Despite concerns about domestic oil production prompted by Iraq’s invasion of Kuwait, the vote “shows that we can still use this moratorium process to protect the coast of California,” said Robert H. Sulnick, executive director of the Santa Monica-based American Oceans Campaign.
Rep. Ron Packard (R-Carlsbad) also applauded the decision, but said Congress is unlikely to enact a long-term drilling ban in the immediate future because of concerns over the national economy and the crisis in the Middle East.
The ban, which Congress has enacted each year since 1981, was approved by the House Appropriations Committee. It must still be acted on by the full House and Senate.
The committee turned back attempts to eliminate or reduce the scope of a similar ban on new oil drilling off Florida’s Panhandle and west coast, but opened federal waters off Virginia to new drilling.
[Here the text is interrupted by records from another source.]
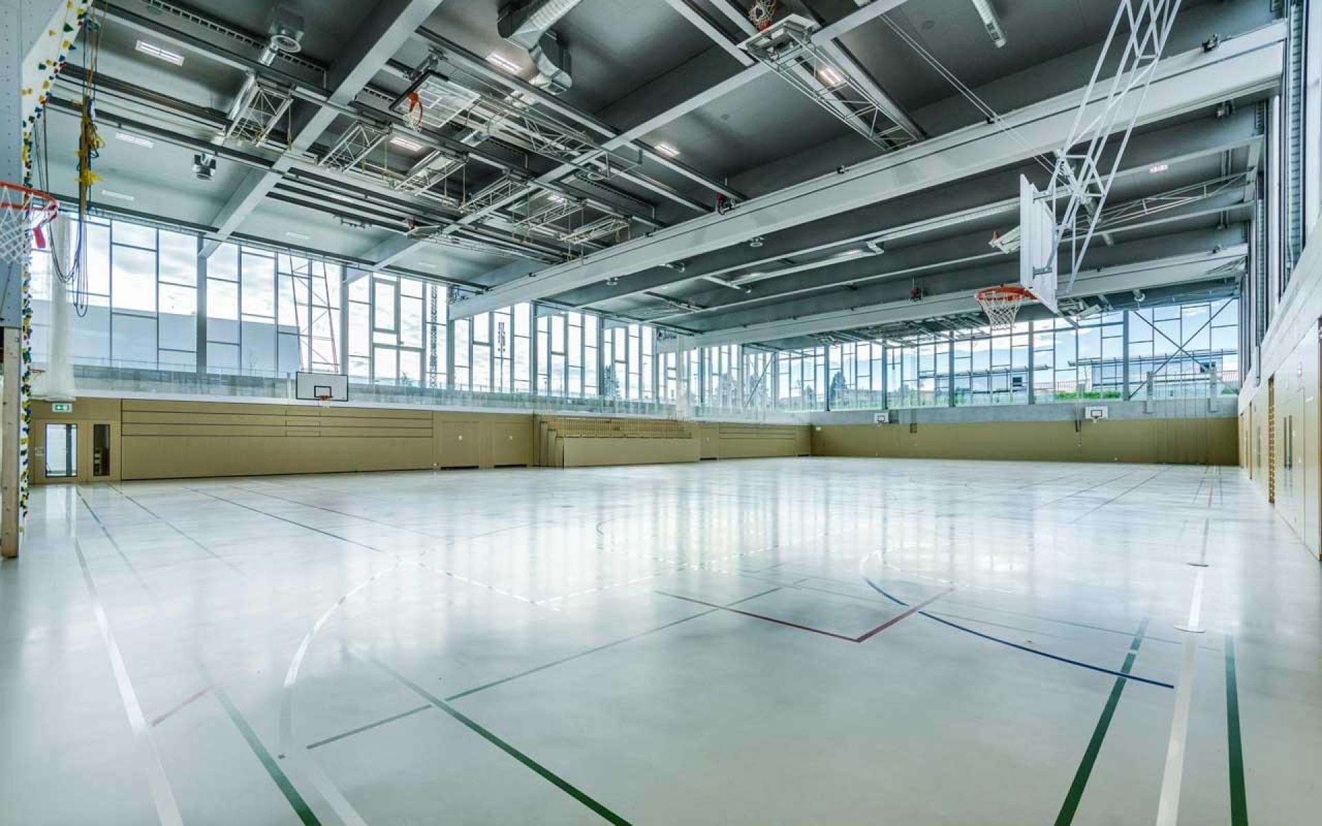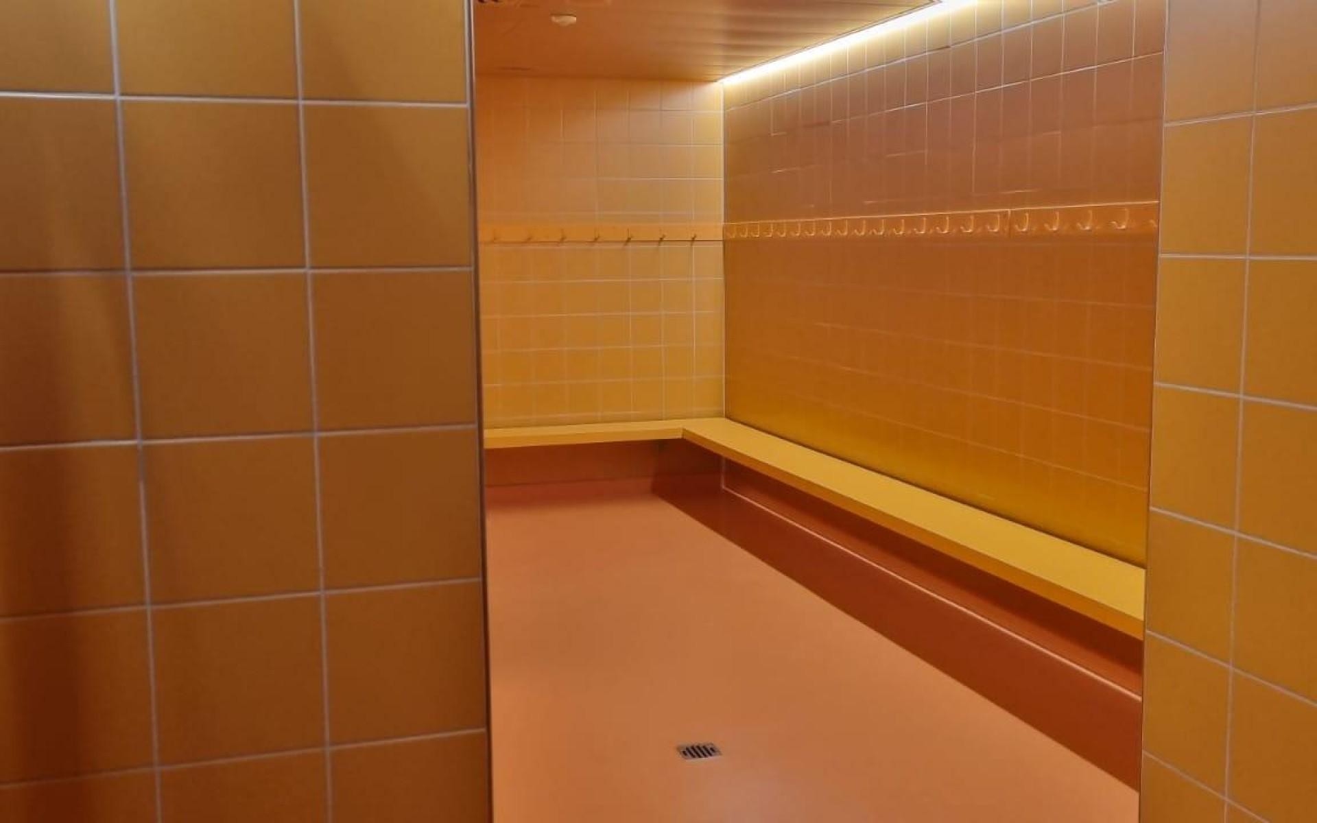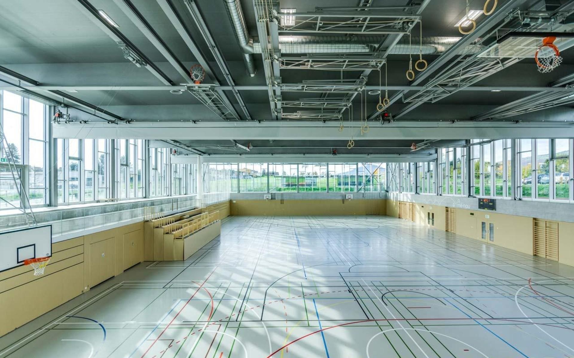 Salle de gymnastique. Chaque salle possède un vestiaire homme et femme. Cette salle n'est pas équipée d'anneaux balançants.
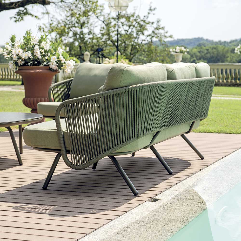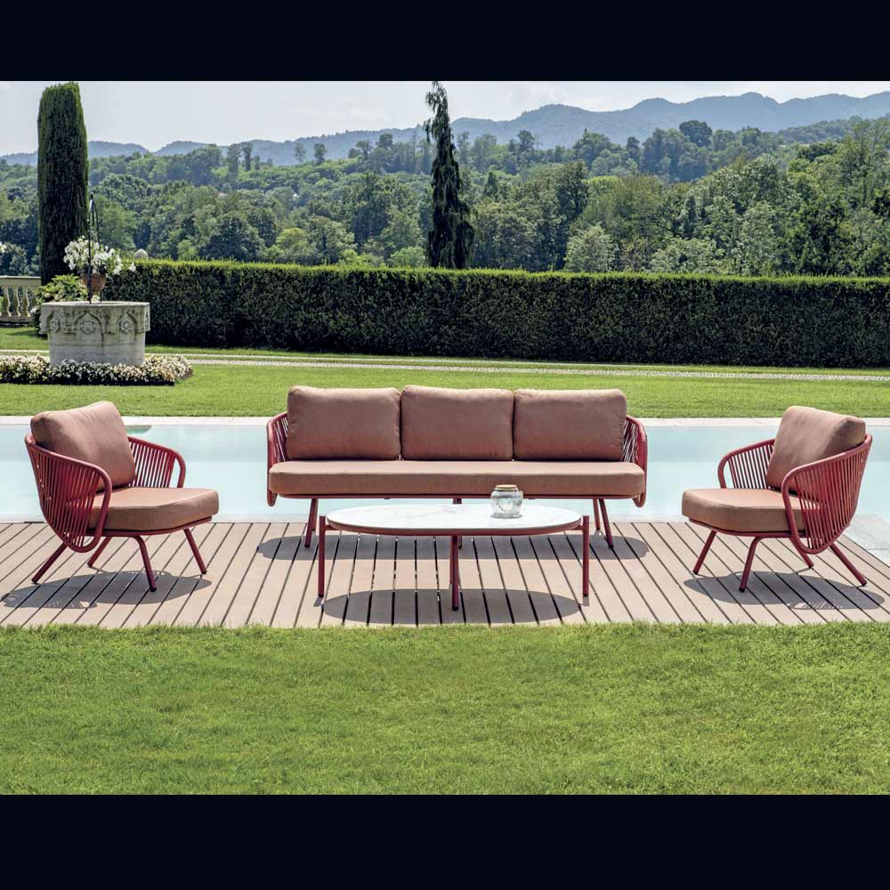 This garden lounge è the ideal solution for those seeking a perfect balance between elegance and comfort. Consisting of armchairs and sofa with upholstered cushions and a sturdy coffee table, this set è the ideal addition to enjoy relaxing moments outdoors. The modern design and clean lines fit perfectly in any outdoor setting, from spacious patios to cozy gardens.
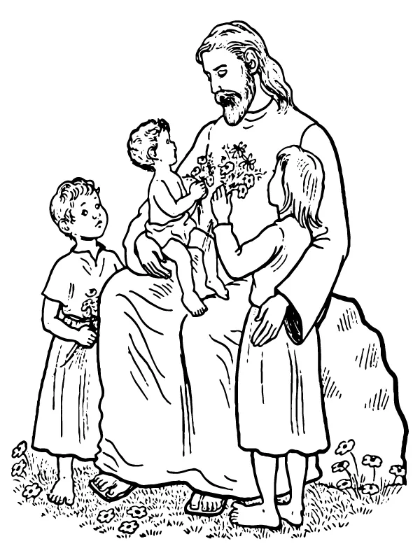 : Download Printable Jesus Cristo com crianças Coloring Page
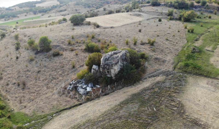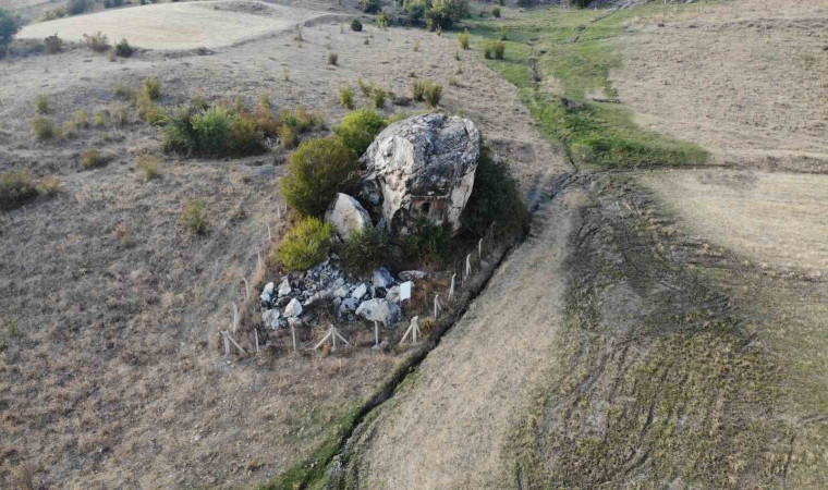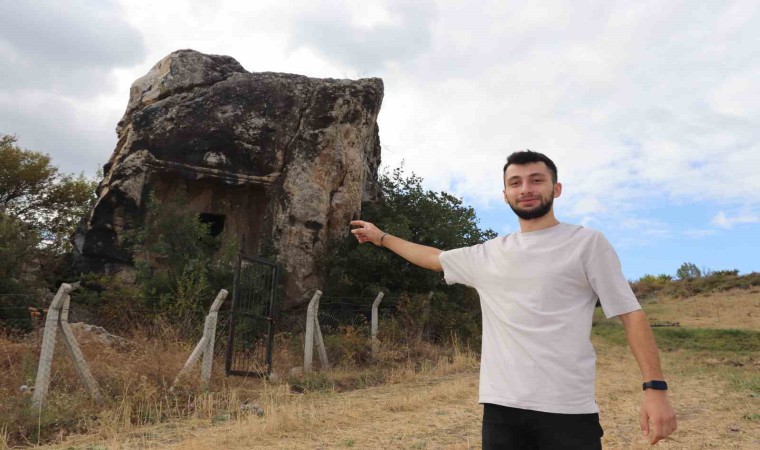 Tokat’ta Komana Antik Kenti’ndeki kaya mezar, bölgeden geçen yolcuların dikkatini çekiyor.
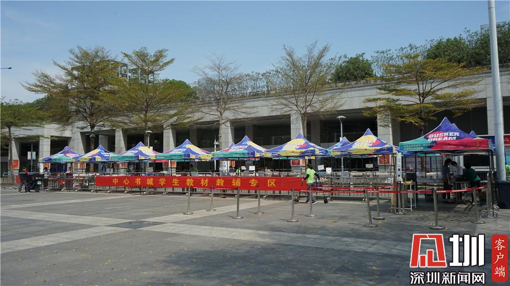 中心書城外另設(shè)戶外教材教輔專區(qū),方便市民購(gòu)買,減少室內(nèi)聚集。
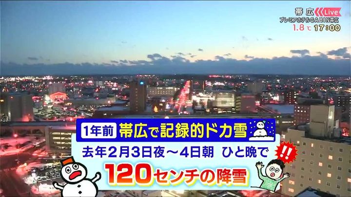 1年前のきょう4日(水)、帯広では記録的なドカ雪になりました。去年の2月4日朝にかけての「ひと晩」で観測史上最大となる120センチの雪が降りました。原因は低気圧と高い海水温の影響でした。あす5日(木)も低気圧が近づきますが、極端な大雪にはならない見込みです。

In June, President Bush ordered the Interior Department to delay for at least 10 years new oil and gas leasing off most of California, all of Oregon, Washington and southwest Florida, and New England north of Rhode Island. He postponed for at least six years new lease sales in a small number of tracts in California’s Santa Barbara Channel and Santa Maria Basin, where rigs are pumping already.
The measure approved Monday bans new drilling in those areas for a year, and includes a large section of the Gulf of Mexico south of the Florida Panhandle and sections of the Atlantic between Maryland and New Jersey.